PROMPT: Beginning with the line that contains "12. Запрещено производить" and ending with the line that contains "the silver circular", reproduce the lines of the entries below exactly, omitting pictures.

PROVIDED RECORDS:
▽

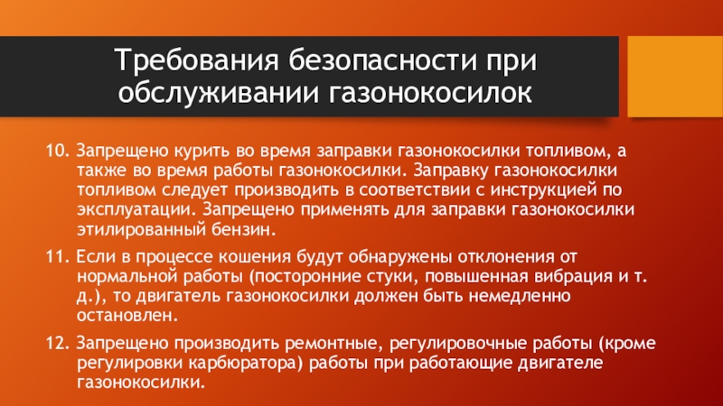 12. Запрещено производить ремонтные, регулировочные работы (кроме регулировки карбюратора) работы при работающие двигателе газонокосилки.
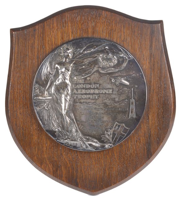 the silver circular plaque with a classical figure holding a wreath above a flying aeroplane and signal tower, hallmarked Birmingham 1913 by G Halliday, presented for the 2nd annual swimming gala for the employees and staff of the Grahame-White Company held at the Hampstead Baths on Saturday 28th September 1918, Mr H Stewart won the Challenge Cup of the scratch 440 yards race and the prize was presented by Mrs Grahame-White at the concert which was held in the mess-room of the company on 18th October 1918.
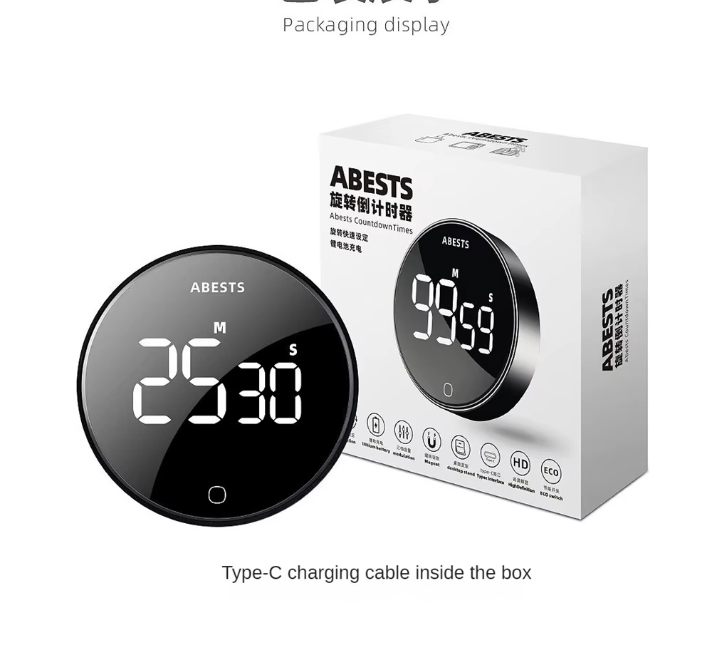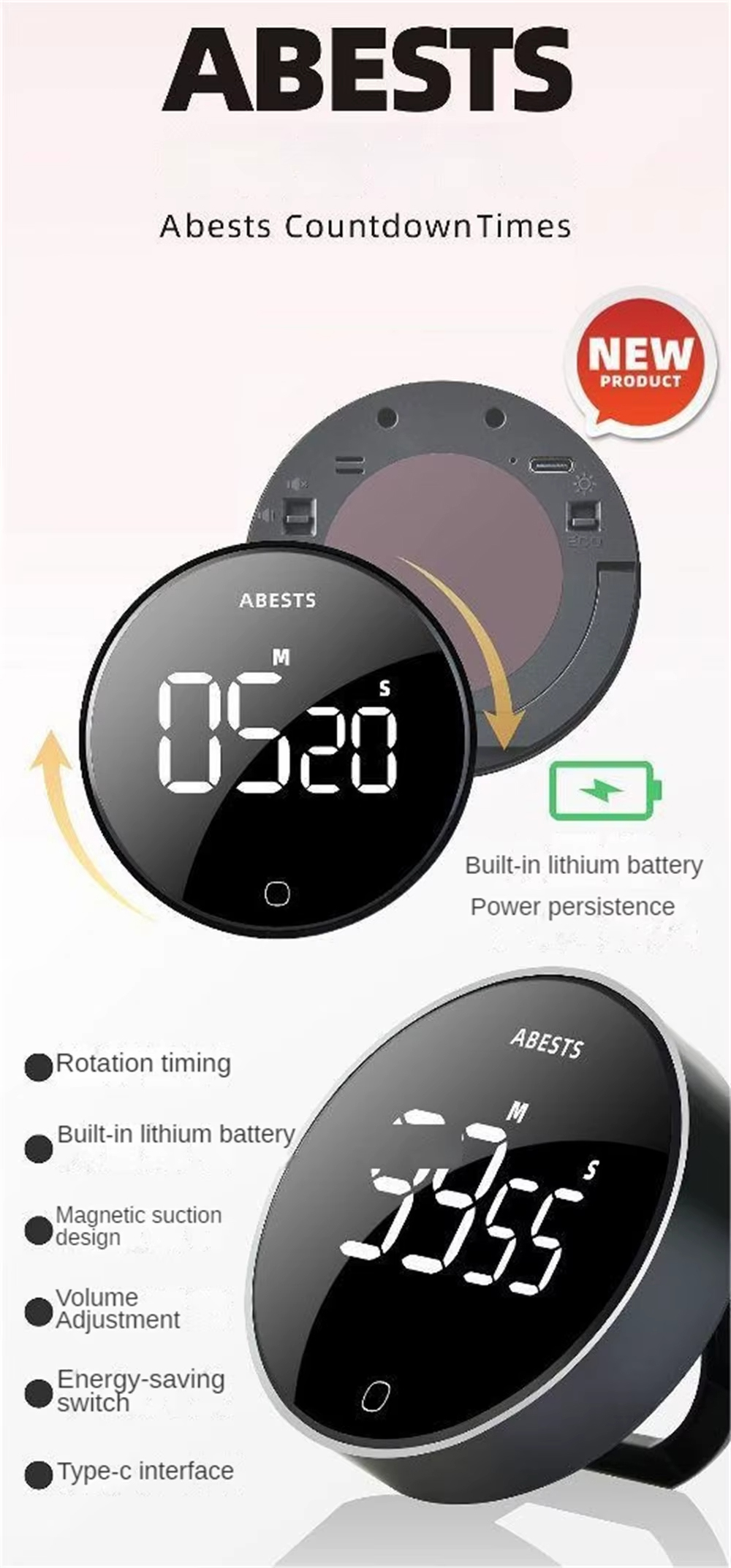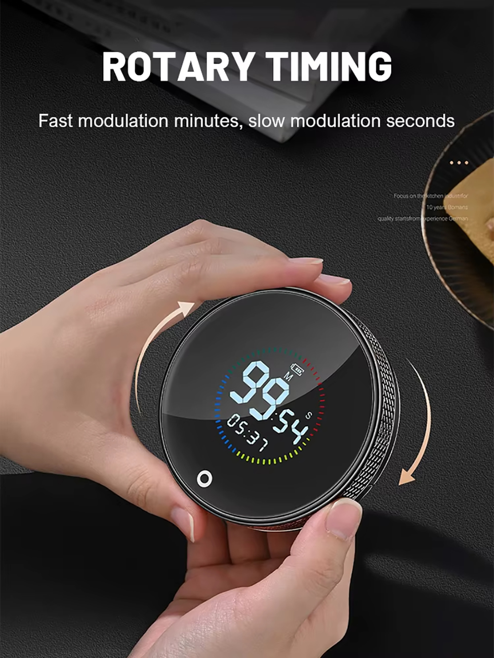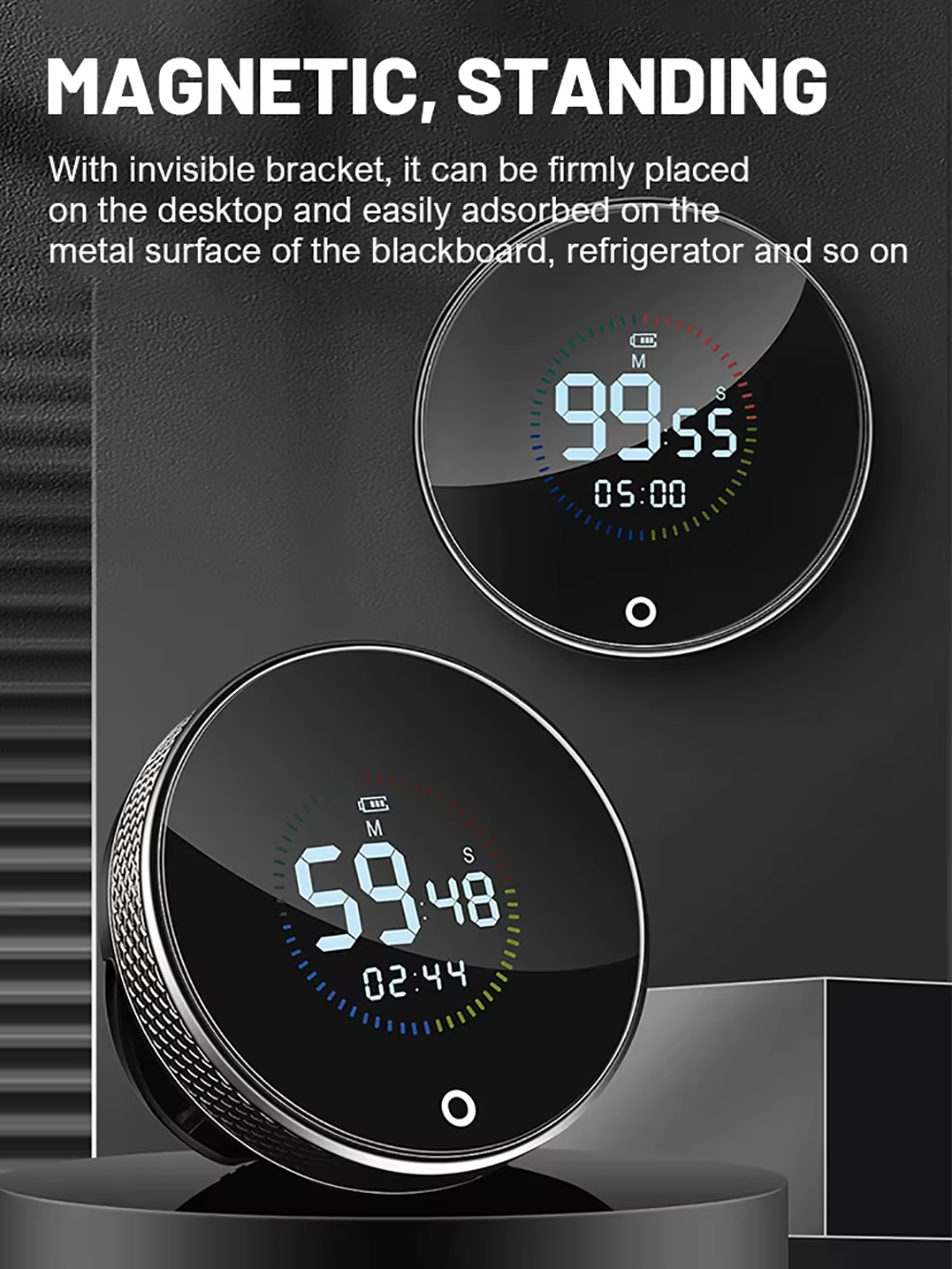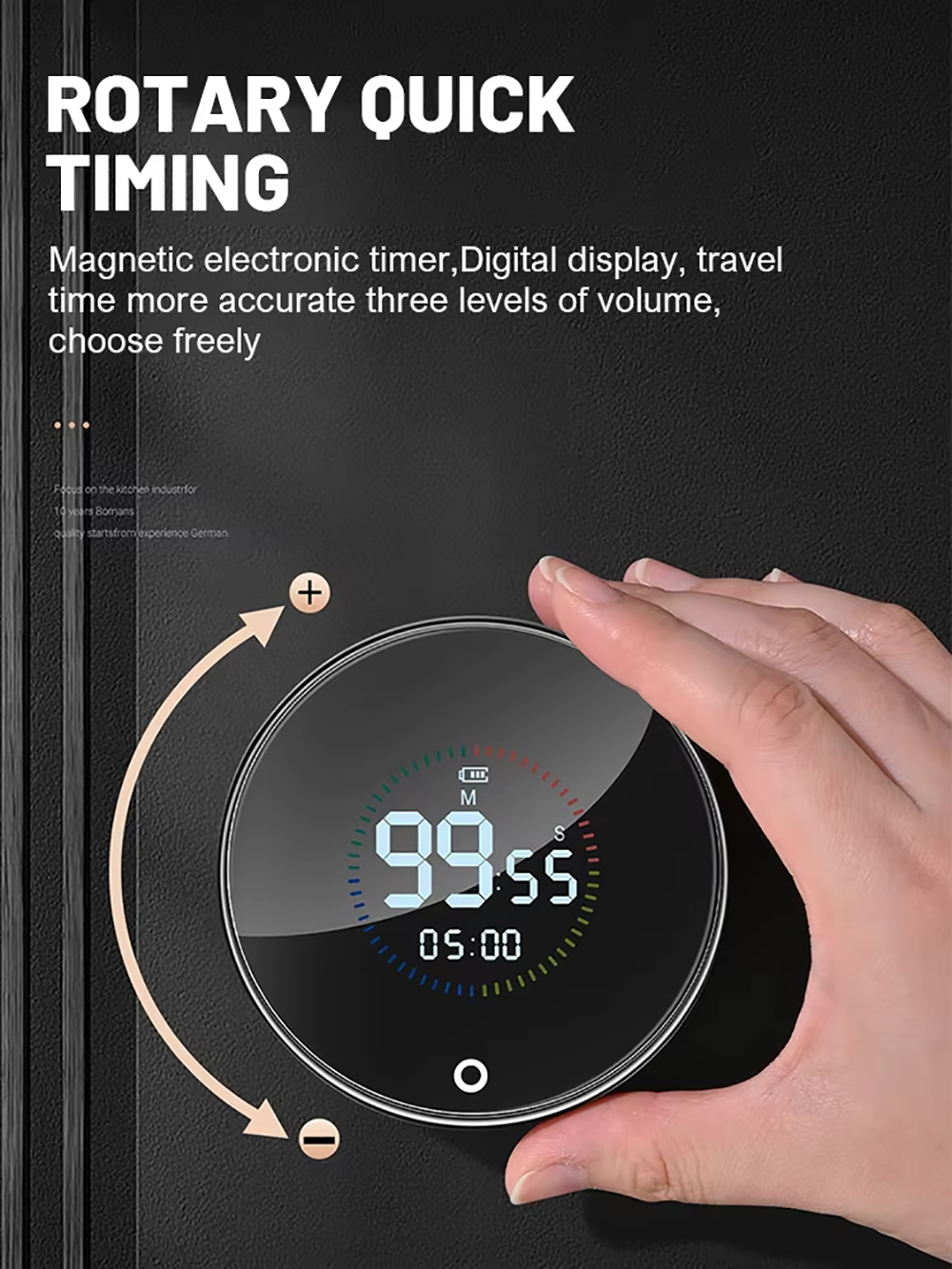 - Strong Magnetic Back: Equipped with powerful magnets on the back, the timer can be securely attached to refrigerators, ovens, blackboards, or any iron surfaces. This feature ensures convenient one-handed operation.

△
▽

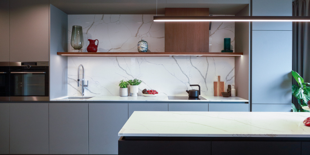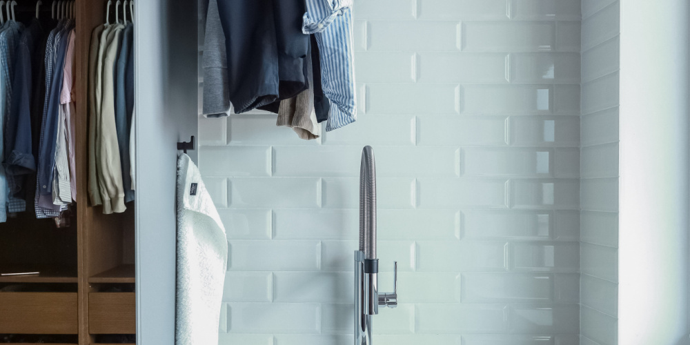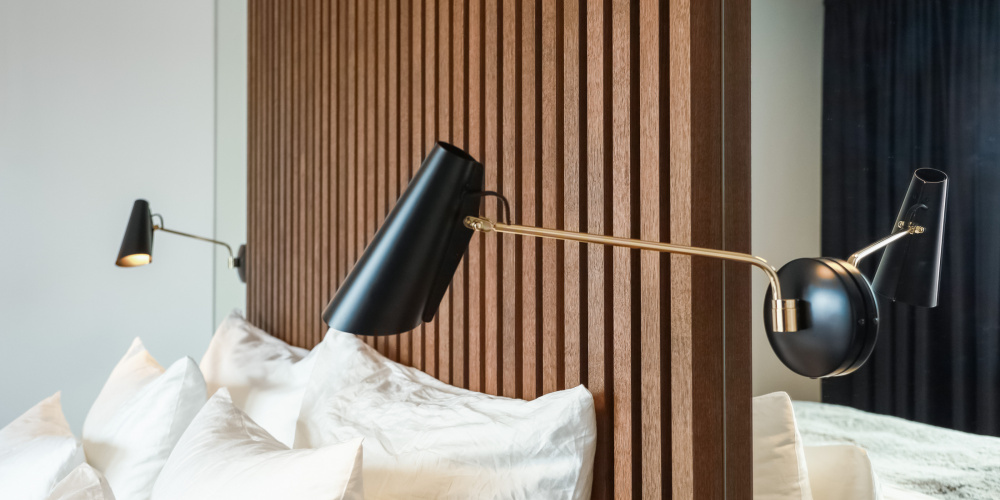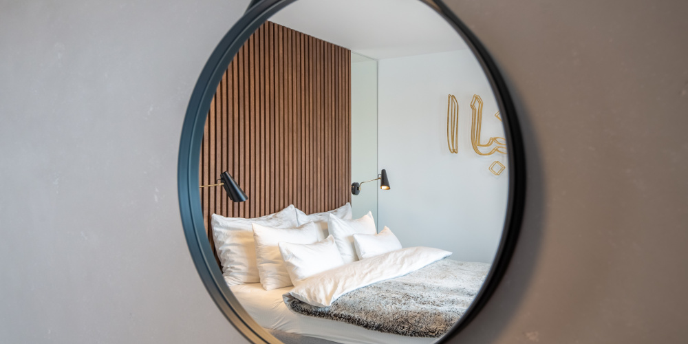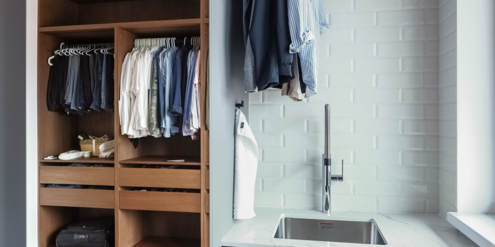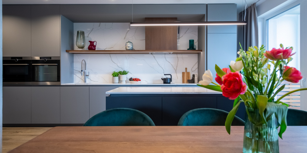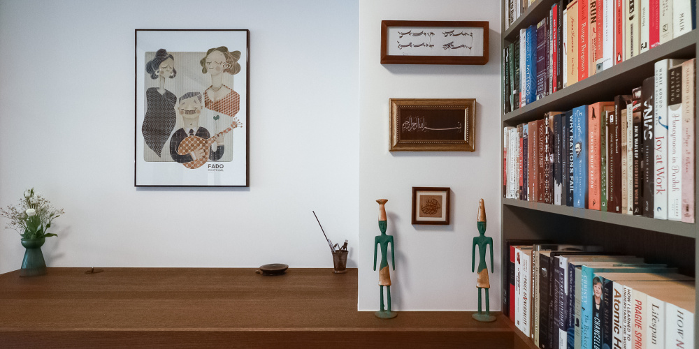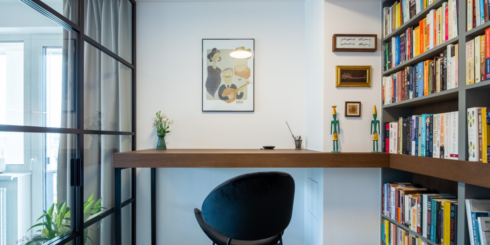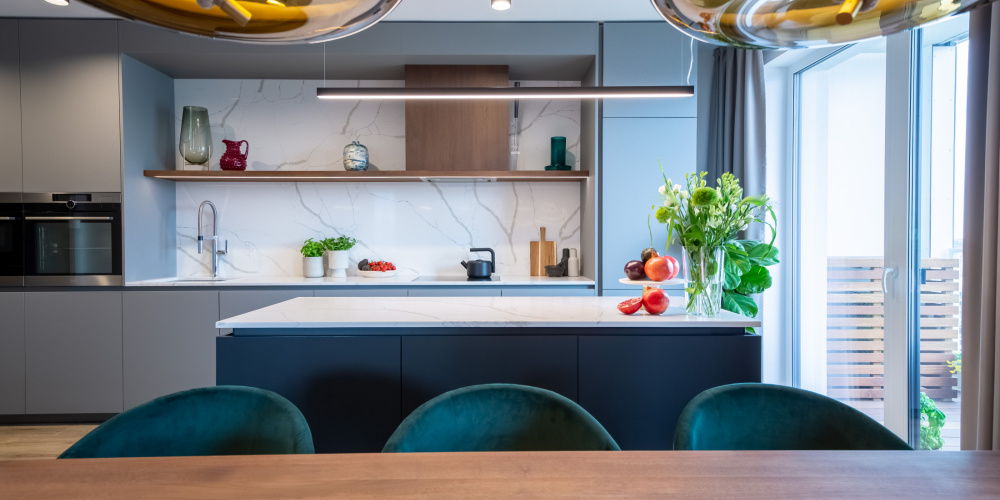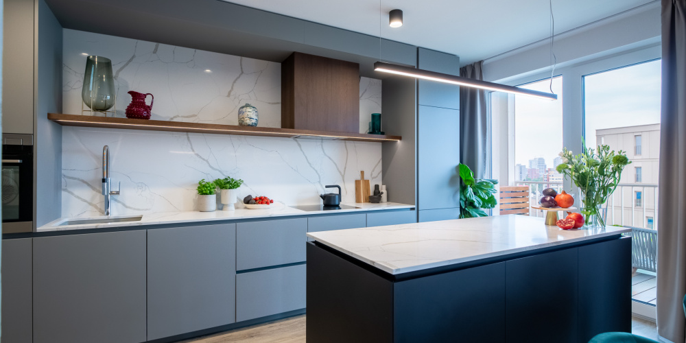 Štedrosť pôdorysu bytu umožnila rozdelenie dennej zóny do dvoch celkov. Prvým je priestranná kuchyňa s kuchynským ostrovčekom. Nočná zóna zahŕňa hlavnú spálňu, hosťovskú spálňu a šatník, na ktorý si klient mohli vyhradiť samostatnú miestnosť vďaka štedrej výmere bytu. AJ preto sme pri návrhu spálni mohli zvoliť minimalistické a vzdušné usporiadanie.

△

SOLVED PROBLEM:
 12. Запрещено производить ремонтные, регулировочные работы (кроме регулировки карбюратора) работы при работающие двигателе газонокосилки.
 the silver circular plaque with a classical figure holding a wreath above a flying aeroplane and signal tower, hallmarked Birmingham 1913 by G Halliday, presented for the 2nd annual swimming gala for the employees and staff of the Grahame-White Company held at the Hampstead Baths on Saturday 28th September 1918, Mr H Stewart won the Challenge Cup of the scratch 440 yards race and the prize was presented by Mrs Grahame-White at the concert which was held in the mess-room of the company on 18th October 1918.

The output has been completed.